例えば、各実施形態の動静脈圧測定装置10は、被験者の静脈圧を測定する場合に限らず、被験者の動脈圧を測定する際に用いてもよい。また、動静脈圧測定装置10は静脈圧及び動脈圧を同時に測定してもよい。
【0078】
本実施形態は上記の具体例に限定されるものではない。上記の具体例に、当業者が適宜設計変更を加えたものも、本発明の特徴を備えている限り、本発明の範囲に包含される。前述した各具体例が備える各要素、及びその配置、条件、形状等は、例示したものに限定されるわけではなく適宜変更することができる。

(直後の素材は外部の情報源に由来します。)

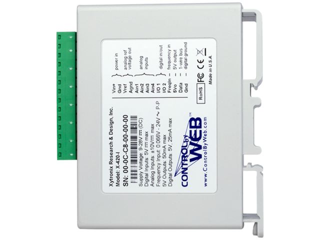 “ 2 inputs / outputs 0-5 Vdc 4 analog inputs ± 1.28V, ± 2.56V, ± 5.12V, ± 10.24V, 4-20mA Up to 16 1-Wire sensors Embedded web server, email alarms Power input: 9-28 Vdc or PoE ”

前述した各具体例が備える各要素は、技術的な矛盾が生じない限り、適宜組み合わせを変えることができる。
【符号の説明】
【0079】
10:動静脈圧測定装置、20:圧迫帯、30:空気ポンプ(流体流入部)、31:切替弁(流体排出部)、32:流量センサ(流量検出部)、34:圧力センサ(圧力検出部)、42:積算器(容量検出部)、441:演算部、442:表示部。
図1
図2
図3
図4
図5
図6
図7
図8
図9
図10
図11
【手続補正書】
【提出日】2024-05-23
【手続補正1】
【補正対象書類名】特許請求の範囲
【補正対象項目名】全文
【補正方法】変更
【補正の内容】
【特許請求の範囲】
【請求項1】
被験者に装着された圧迫帯の内部に流体を流入することにより前記圧迫帯の内部の圧力を上昇させる流体流入部と、
前記圧迫帯の内部から前記流体を排出することにより前記圧迫帯の内部の圧力を低下させる流体排出部と、
前記圧迫帯の内部圧力を検出する圧力検出部と、
前記圧迫帯の内部に存在する前記流体の容量を検出する容量検出部と、
前記圧迫帯の内部から前記流体を排出させている際に前記圧力検出部により検出される前記圧迫帯の内部圧力と、前記容量検出部により検出される前記圧迫帯の流体容量とに基づいて前記被験者の血圧を演算する演算部と、を備え
前記演算部は、
前記圧迫帯の流体容量を前記圧迫帯の内部圧力で一階微分した値である一次微分値を演算し、
前記一次微分値が極大値を示したときの前記圧迫帯の内部圧力に基づいて前記被験者の血圧を演算する
動静脈圧測定装置。
【請求項2】
前記一次微分値の推移を表示する表示部を更に備える
請求項に記載の動静脈圧測定装置。
【請求項3】
被験者に装着された圧迫帯の内部に流体を流入することにより前記圧迫帯の内部の圧力を上昇させる流体流入部と、
前記圧迫帯の内部から前記流体を排出することにより前記圧迫帯の内部の圧力を低下させる流体排出部と、
前記圧迫帯の内部圧力を検出する圧力検出部と、
前記圧迫帯の内部に存在する前記流体の容量を検出する容量検出部と、
前記圧迫帯の内部から前記流体を排出させている際に前記圧力検出部により検出される前記圧迫帯の内部圧力と、前記容量検出部により検出される前記圧迫帯の流体容量とに基づいて前記被験者の血圧を演算する演算部と、を備え、
前記演算部は、
記圧迫帯の流体容量を前記圧迫帯の内部圧力で二階微分した値である二次微分値を演算し、
前記二次微分値がゼロクロスしたときの前記圧迫帯の内部圧力に基づいて前記被験者の血圧を演算する
静脈圧測定装置。
【請求項4】
被験者に装着された圧迫帯の内部に流体を流入することにより前記圧迫帯の内部の圧力を上昇させる流体流入部と、
前記圧迫帯の内部から前記流体を排出することにより前記圧迫帯の内部の圧力を低下させる流体排出部と、
前記圧迫帯の内部圧力を検出する圧力検出部と、
前記圧迫帯の内部に存在する前記流体の容量を検出する容量検出部と、
前記圧迫帯の内部から前記流体を排出させている際に前記圧力検出部により検出される前記圧迫帯の内部圧力と、前記容量検出部により検出される前記圧迫帯の流体容量とに基づいて前記被験者の血圧を演算する演算部と、を備え、
前記演算部は、
前記圧迫帯の流体容量を前記圧迫帯の内部圧力で二階微分した値である二次微分値を演算し、
前記二次微分値が極小値又は極大値を示したときの前記圧迫帯の内部圧力に基づいて前記被験者の血圧を演算する
静脈圧測定装置。
【請求項5】
前記二次微分値の推移を表示する表示部を更に備える
請求項3又は4に記載の動静脈圧測定装置。
【請求項6】
前記演算部は、前記被験者の血圧として、前記被験者の静脈圧を演算する
請求項1、3、4のいずれか一項に記載の動静脈圧測定装置。
【請求項7】
前記演算部は、前記被験者の血圧として、前記被験者の動脈圧を演算する
請求項1、3、4のいずれか一項に記載の動静脈圧測定装置。
【請求項8】
前記圧迫帯の内部から排出される前記流体の流量を検出する流量検出部を更に備え、
前記容量検出部は、前記流量検出部により検出される前記流体の流量の積算値に基づいて前記圧迫帯の流体容量を算出する
請求項1、3、4のいずれか一項に記載の動静脈圧測定装置。
【請求項9】
前記演算部は、
前記圧迫帯の内部から前記流体を排出させている際に前記圧力検出部により検出される前記圧迫帯の内部圧力と、前記容量検出部により検出される前記圧迫帯の流体容量とに基づいて、前記圧迫帯が装着されている前記被験者の部位に存在する管腔部が閉じた状態から開き始める時点である開口開始時点と、前記管腔部の開口が終了する時点である開口終了時点とを検出し、
前記開口開始時点で前記圧力検出部及び前記容量検出部によりそれぞれ検出される前記圧迫帯の第1内部圧力及び第1流体容量と、前記開口終了時点で前記圧力検出部及び前記容量検出部によりそれぞれ検出される前記圧迫帯の第2内部圧力及び第2流体容量とに基づいて、前記圧迫帯が装着されている前記被験者の部位に存在する前記管腔部の容量を更に演算する
請求項1、3、4のいずれか一項に記載の動静脈圧測定装置。
【請求項10】
前記演算部は、前記管腔部の容量と、前記第1内部圧力と、前記第2内部圧力とに基づいて血管のコンプライアンスを更に演算する
請求項に記載の動静脈圧測定装置。